■ Assignment ■
Within the material below, transcribe exactly the lines from the one holding "In the graph above" through the one holding "图为窑炉流液口及唇砖加宽改造现场。(本报记者 李雪/文 韩亚朝/图)", keeping both ends and skipping the rest.

■ The input ■
● ● ●

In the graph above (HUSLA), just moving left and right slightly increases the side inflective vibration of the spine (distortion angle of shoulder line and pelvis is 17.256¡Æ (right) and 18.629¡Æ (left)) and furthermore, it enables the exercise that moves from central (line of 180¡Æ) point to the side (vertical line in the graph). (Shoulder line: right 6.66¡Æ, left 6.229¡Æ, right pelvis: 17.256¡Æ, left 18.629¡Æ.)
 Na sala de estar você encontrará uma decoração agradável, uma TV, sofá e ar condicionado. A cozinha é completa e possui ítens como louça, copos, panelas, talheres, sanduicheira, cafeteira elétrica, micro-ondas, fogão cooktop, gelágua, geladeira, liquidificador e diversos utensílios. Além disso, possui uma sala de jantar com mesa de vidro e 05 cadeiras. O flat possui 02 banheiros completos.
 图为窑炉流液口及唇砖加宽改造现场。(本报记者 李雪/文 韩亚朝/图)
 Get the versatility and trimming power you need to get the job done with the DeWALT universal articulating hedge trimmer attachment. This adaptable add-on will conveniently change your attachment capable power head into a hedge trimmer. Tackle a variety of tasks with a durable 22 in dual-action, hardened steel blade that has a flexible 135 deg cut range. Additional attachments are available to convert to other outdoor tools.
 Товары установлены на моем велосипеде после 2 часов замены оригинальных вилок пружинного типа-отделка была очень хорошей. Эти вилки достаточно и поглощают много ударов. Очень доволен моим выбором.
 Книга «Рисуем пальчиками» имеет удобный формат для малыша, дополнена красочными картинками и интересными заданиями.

● ● ●

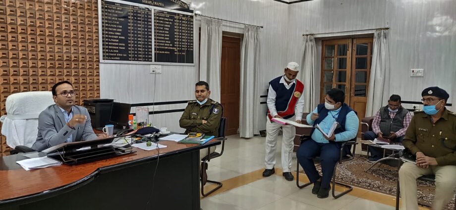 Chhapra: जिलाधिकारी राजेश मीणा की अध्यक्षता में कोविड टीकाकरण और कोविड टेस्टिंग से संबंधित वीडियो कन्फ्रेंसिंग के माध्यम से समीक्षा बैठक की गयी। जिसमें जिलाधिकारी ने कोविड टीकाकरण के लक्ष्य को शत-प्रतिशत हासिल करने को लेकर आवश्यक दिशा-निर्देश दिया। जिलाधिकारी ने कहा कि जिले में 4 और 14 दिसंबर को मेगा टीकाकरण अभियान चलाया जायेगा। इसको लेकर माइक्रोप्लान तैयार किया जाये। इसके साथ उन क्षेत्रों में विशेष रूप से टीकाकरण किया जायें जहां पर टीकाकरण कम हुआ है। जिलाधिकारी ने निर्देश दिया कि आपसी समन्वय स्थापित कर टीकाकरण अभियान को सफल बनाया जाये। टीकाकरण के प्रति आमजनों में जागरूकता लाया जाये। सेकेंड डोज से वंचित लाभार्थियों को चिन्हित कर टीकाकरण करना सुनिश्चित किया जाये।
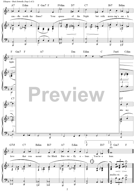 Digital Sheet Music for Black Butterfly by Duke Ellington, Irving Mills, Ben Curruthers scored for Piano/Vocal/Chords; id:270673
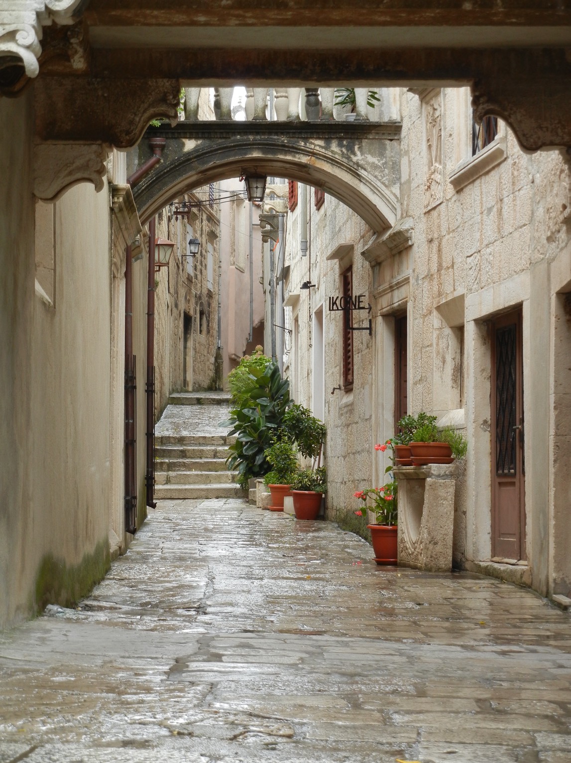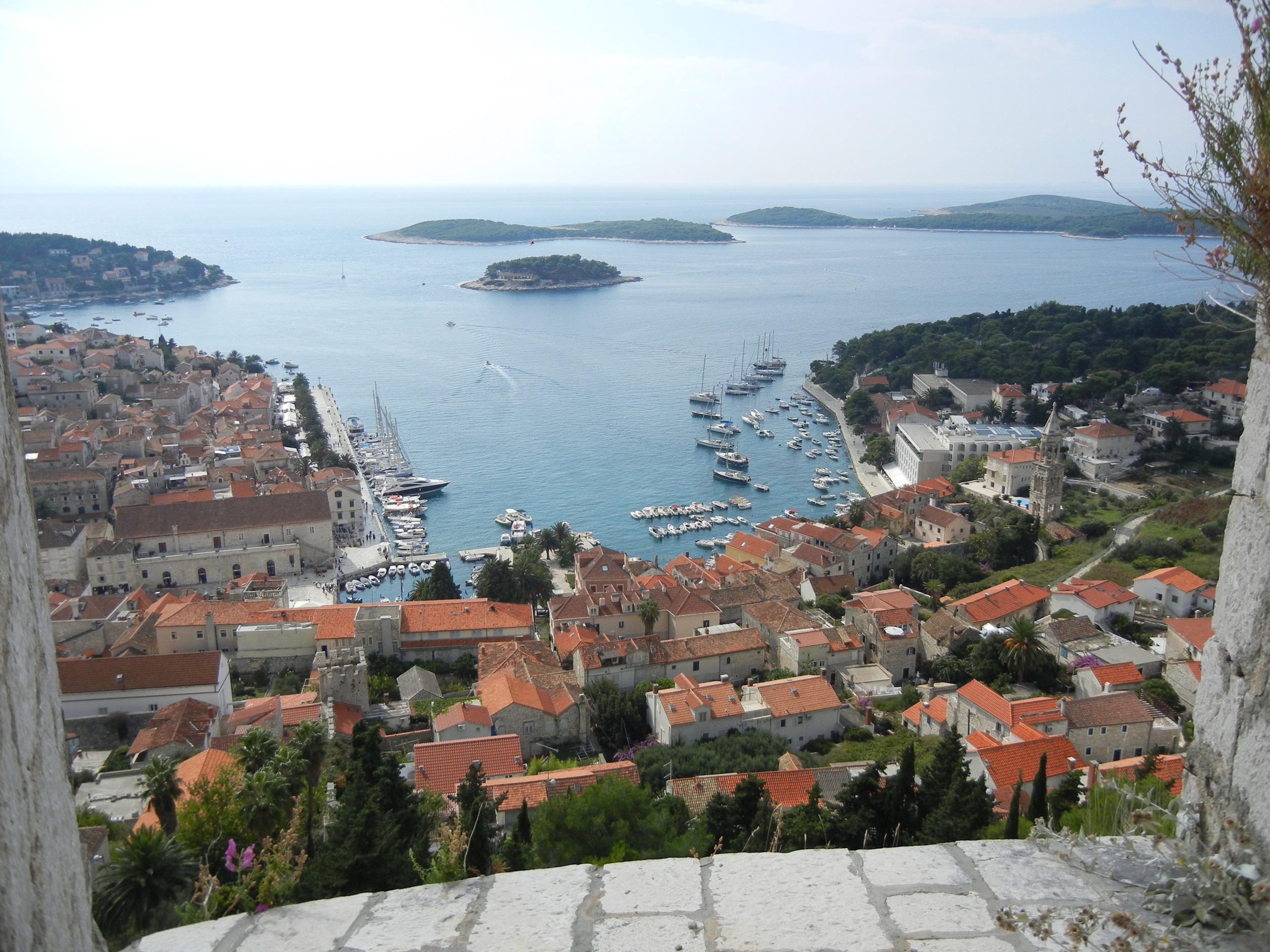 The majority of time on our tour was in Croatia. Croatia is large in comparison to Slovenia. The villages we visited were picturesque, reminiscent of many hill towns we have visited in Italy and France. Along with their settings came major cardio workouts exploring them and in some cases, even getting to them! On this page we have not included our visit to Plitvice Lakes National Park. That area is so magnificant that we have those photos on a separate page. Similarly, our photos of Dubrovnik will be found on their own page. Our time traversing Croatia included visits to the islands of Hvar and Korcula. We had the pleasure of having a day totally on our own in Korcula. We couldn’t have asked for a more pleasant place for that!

● ● ●

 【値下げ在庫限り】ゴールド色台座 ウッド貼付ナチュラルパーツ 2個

● ● ●

■ Task answer ■
In the graph above (HUSLA), just moving left and right slightly increases the side inflective vibration of the spine (distortion angle of shoulder line and pelvis is 17.256¡Æ (right) and 18.629¡Æ (left)) and furthermore, it enables the exercise that moves from central (line of 180¡Æ) point to the side (vertical line in the graph). (Shoulder line: right 6.66¡Æ, left 6.229¡Æ, right pelvis: 17.256¡Æ, left 18.629¡Æ.)
 Na sala de estar você encontrará uma decoração agradável, uma TV, sofá e ar condicionado. A cozinha é completa e possui ítens como louça, copos, panelas, talheres, sanduicheira, cafeteira elétrica, micro-ondas, fogão cooktop, gelágua, geladeira, liquidificador e diversos utensílios. Além disso, possui uma sala de jantar com mesa de vidro e 05 cadeiras. O flat possui 02 banheiros completos.
 图为窑炉流液口及唇砖加宽改造现场。(本报记者 李雪/文 韩亚朝/图)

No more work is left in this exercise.